**WHAT TO PRODUCE**: Write out exactly the lines below starting at the one containing "If you have" and ending at the one containing "위와 같은 여행·레저". Omit every picture.

**GIVEN MATERIAL**:
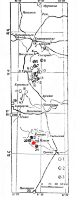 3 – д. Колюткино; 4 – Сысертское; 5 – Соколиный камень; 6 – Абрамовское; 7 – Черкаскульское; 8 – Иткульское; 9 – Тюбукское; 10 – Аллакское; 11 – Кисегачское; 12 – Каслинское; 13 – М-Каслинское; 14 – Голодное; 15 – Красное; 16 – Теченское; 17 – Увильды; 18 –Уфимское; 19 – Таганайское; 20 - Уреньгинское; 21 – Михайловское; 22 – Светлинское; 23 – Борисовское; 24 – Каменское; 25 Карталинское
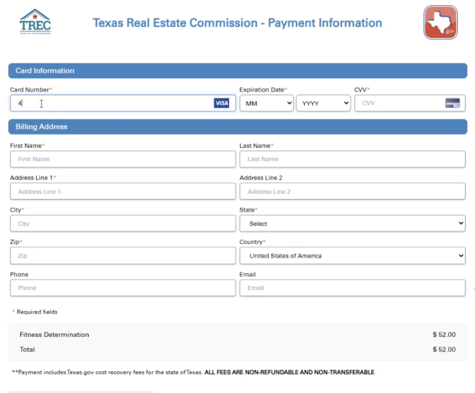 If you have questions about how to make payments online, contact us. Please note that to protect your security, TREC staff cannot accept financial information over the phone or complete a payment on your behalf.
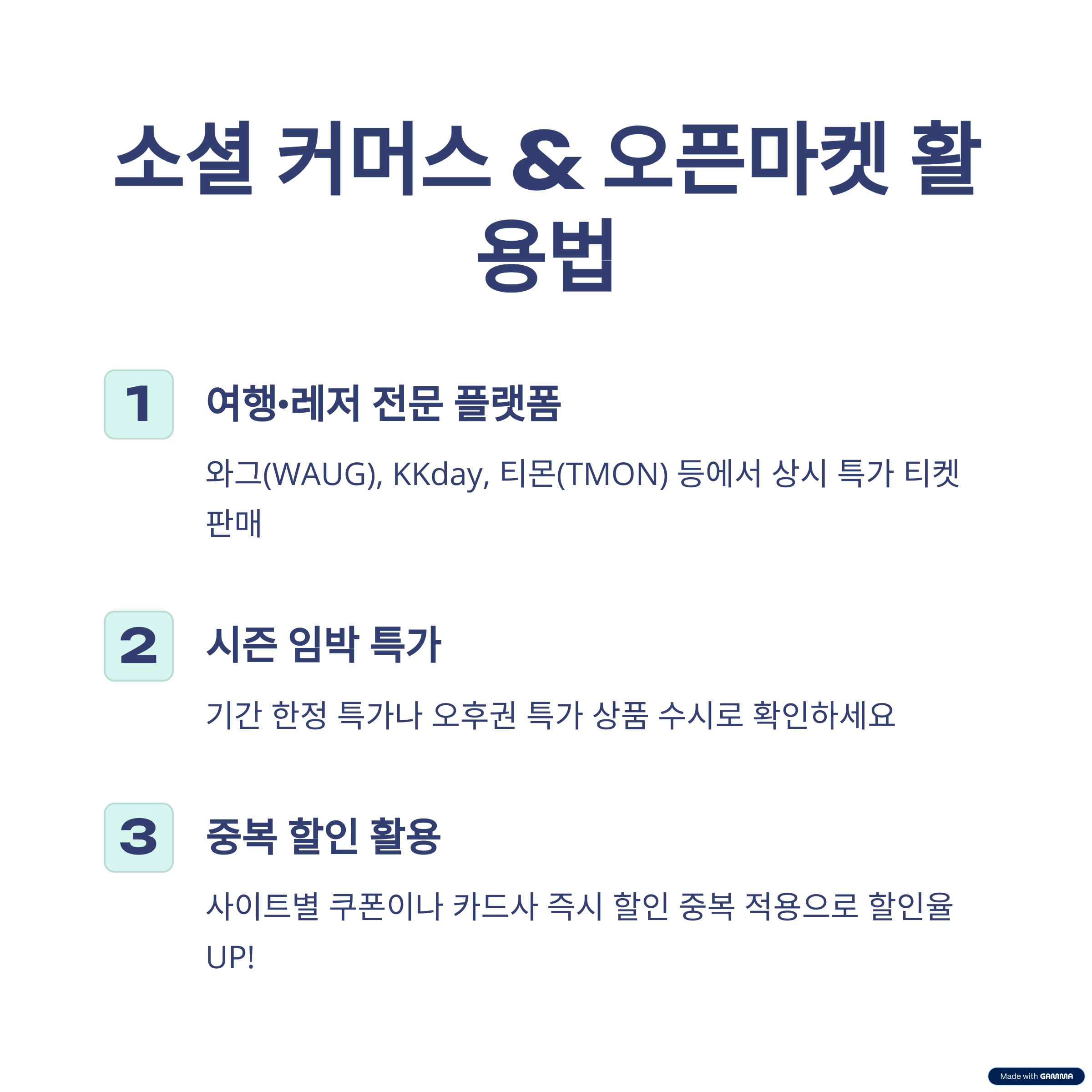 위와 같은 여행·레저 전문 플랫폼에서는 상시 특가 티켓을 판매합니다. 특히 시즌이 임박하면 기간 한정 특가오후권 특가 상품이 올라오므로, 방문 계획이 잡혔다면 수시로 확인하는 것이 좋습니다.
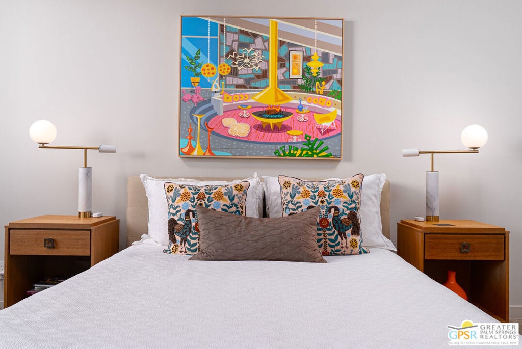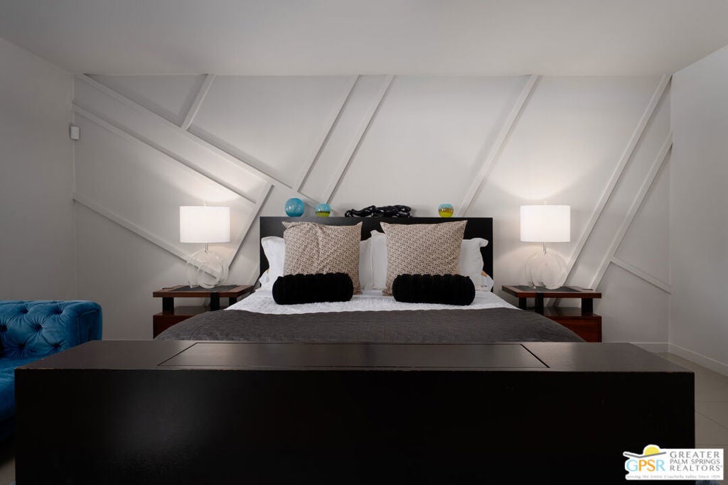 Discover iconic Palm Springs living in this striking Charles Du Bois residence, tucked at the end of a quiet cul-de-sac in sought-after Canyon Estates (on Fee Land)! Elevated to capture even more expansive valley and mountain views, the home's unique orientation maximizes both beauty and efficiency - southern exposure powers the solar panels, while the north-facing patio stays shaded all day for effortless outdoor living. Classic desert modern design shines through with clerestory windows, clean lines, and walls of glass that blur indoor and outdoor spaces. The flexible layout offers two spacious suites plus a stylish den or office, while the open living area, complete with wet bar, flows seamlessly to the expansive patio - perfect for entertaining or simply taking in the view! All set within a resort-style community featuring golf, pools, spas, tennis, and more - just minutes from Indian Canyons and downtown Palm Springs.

**SOLVED PROBLEM**:
 If you have questions about how to make payments online, contact us. Please note that to protect your security, TREC staff cannot accept financial information over the phone or complete a payment on your behalf.
 위와 같은 여행·레저 전문 플랫폼에서는 상시 특가 티켓을 판매합니다. 특히 시즌이 임박하면 기간 한정 특가오후권 특가 상품이 올라오므로, 방문 계획이 잡혔다면 수시로 확인하는 것이 좋습니다.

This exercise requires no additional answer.